The next step from that would be something like sectoral bargaining. There are proposals that would make it easier to organize and bargain across sectors. Even in the absence of actual collective bargaining agreements, there could be things like worker councils that would help establish workplace safety and job quality standards.

We need those first steps of passing the PRO Act and raising the minimum wage, the broad suite of policies that have been reintroduced year after year and have not gained much ground. And then we need to think about how the economy has changed over the past 50 years, and how we need to reform our institutions and our laws to reflect the current structure of the economy.

If the answers are really policies and enforcement, then what should a normal consumer do? How are you supposed to help?

The old adage that there’s no ethical consumption under capitalism is true. We aren’t going to make broad-scale change through individual consumption choices.
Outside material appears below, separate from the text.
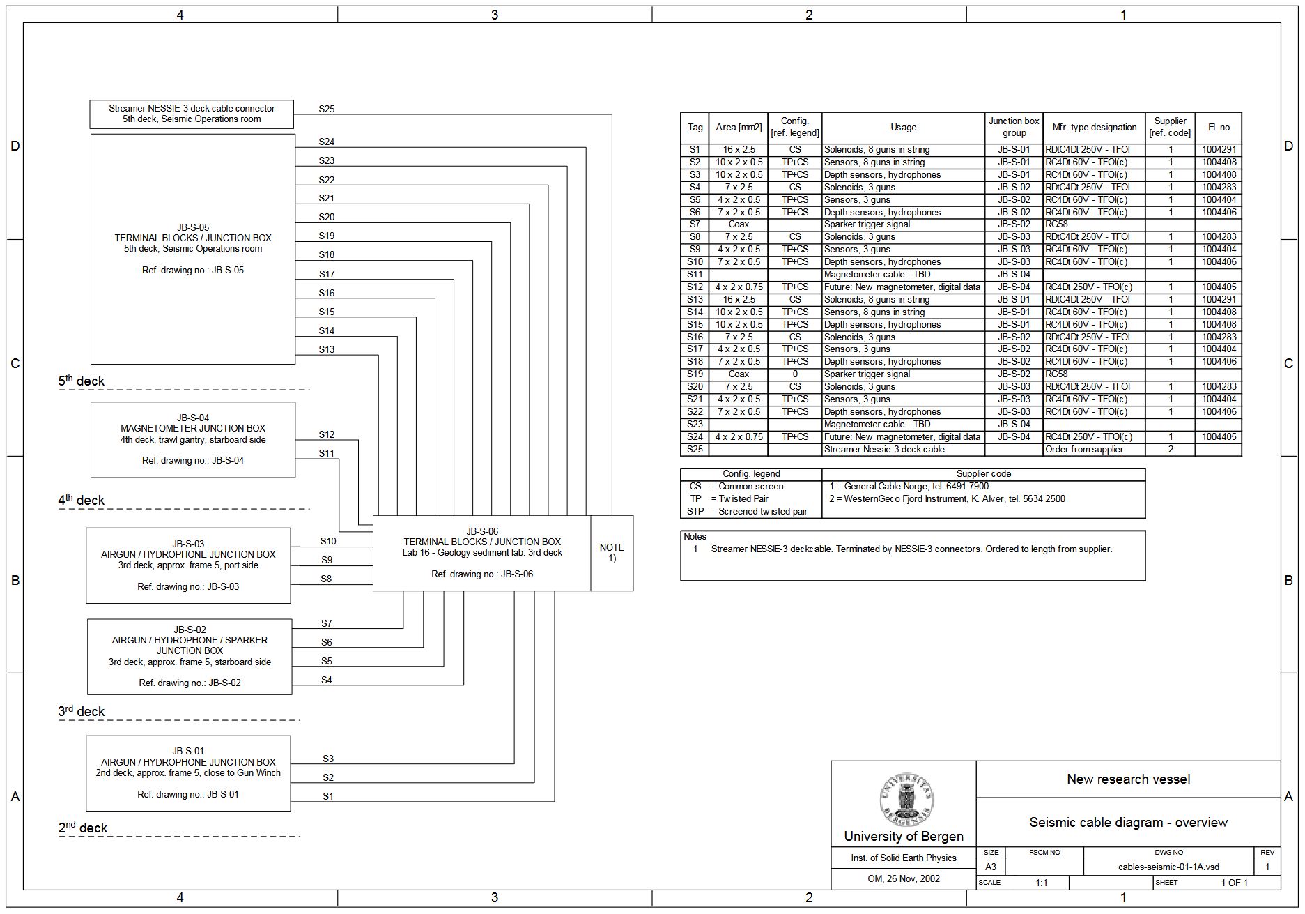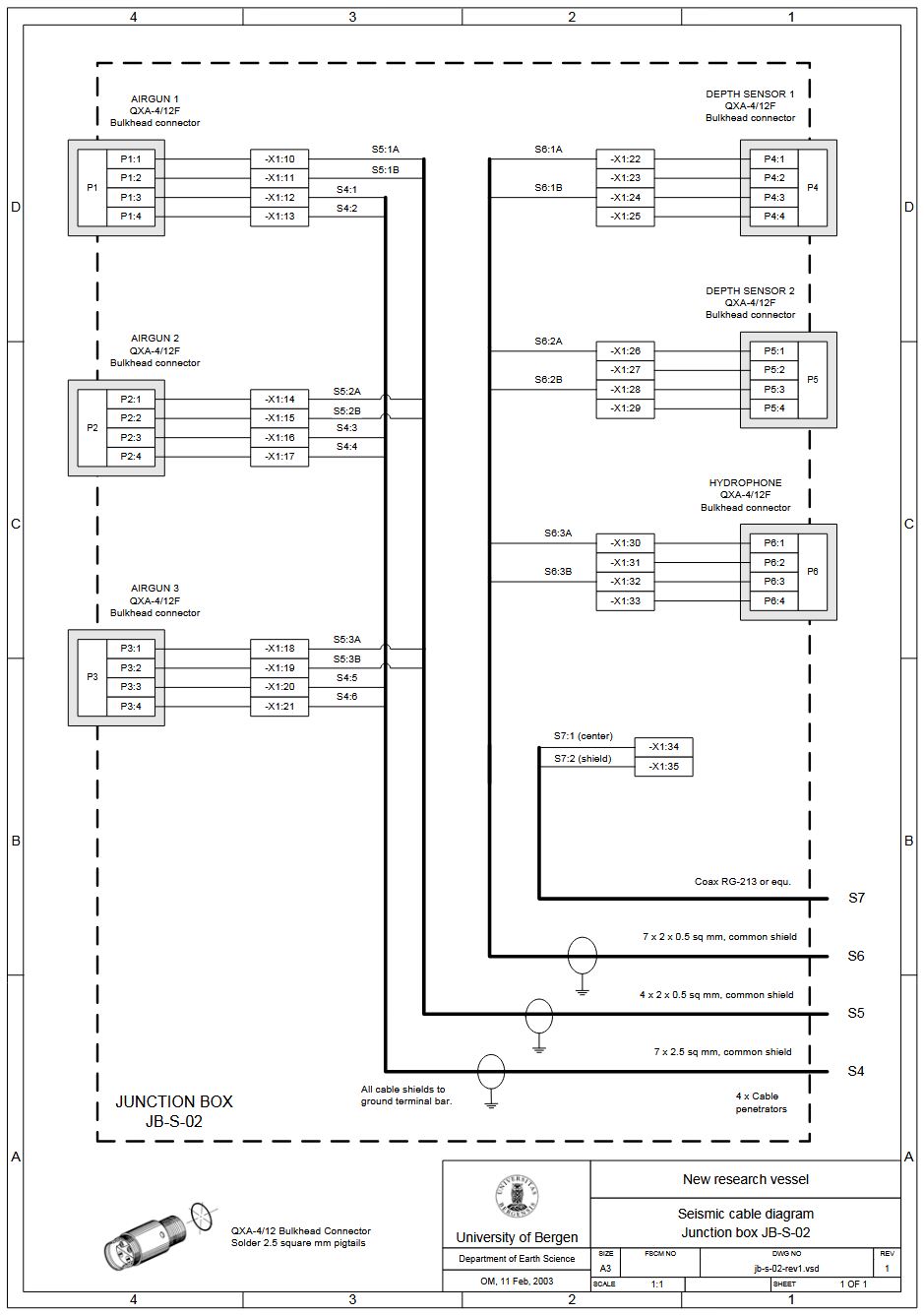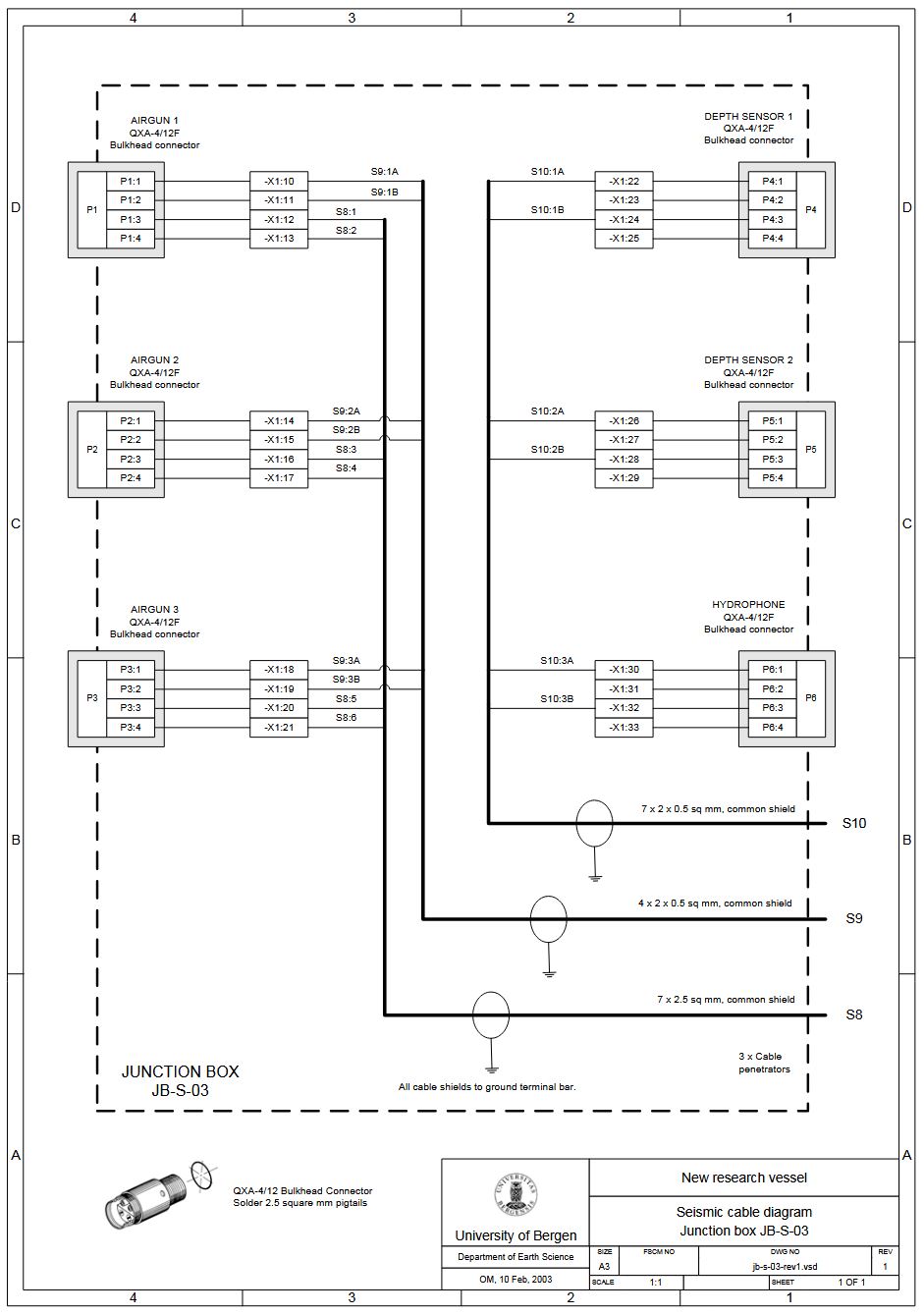 TEGNINGER, KABLING FOR GEOFYSISK INSTRUMENTERING

The economic hit that Frito-Lay may experience for the next couple of weeks is not going to make them change their whole business model. If their business model is based on exploitation, that is their bottom line. Diminishing their profit margin for a couple of weeks is not going to make them fundamentally restructure.

People can engage in movement building, like the racial justice movement last summer and going to protests and joining picket lines. They can advocate with policymakers by voting for the policymakers who pass pro-labor reform and holding them accountable, putting pressure on them. And we need both. History has shown us that we need movement building alongside policy reform; you can’t have one or the other.